How do you tell a resident of a city you’re visiting, “My, what an ugly city you have. Have you considered moving?” I felt like I was propagating a huge self-deception in San Antonio by not saying that. We probably told a dozen people there how “nice” or “beautiful” we thought their city was, to which they always replied with just the prescribed tone, “Yes, we really love it here.” I just hope they were lying too.

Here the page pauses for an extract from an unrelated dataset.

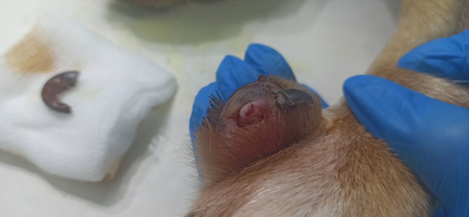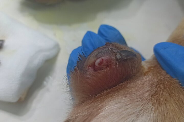 К ветеринарам попала Стрелка с «генетической поломкой», ей удалили коготь

San Antonio is dreadful, somehow combining the alienation of a big city (7th largest, we were proudly told), with none of its excitement. The city is grey, desolate, car-centered, and for-sale. The area around– from what little we saw– is brown, flat, and straggly, without embracing the honest barrenness of a desert. The few exceptions are teeming with tourists and Mexican-reproduction kitsch. San Antonio has one redeeming quality– its whole-buttocked mix of Texan and Mexican culture– but we found only one intermittent stretch (near King Williams) that let that shine.
I’m sure that its residents have found the gems hidden from my 2-day-old travel eyes. But I do believe seen better and worse cities, and enough to tell the difference between the two.
Flame’s “Food Representations in lots-of-disciplines” conference was great, and very quickly found the hip under-30 crowd by sitting on the floor at the reception. Mexico City was great. San Jose was mixed. Santa Elena was beautiful, with strangling fig trees. Next stop: Costa Rican beaches.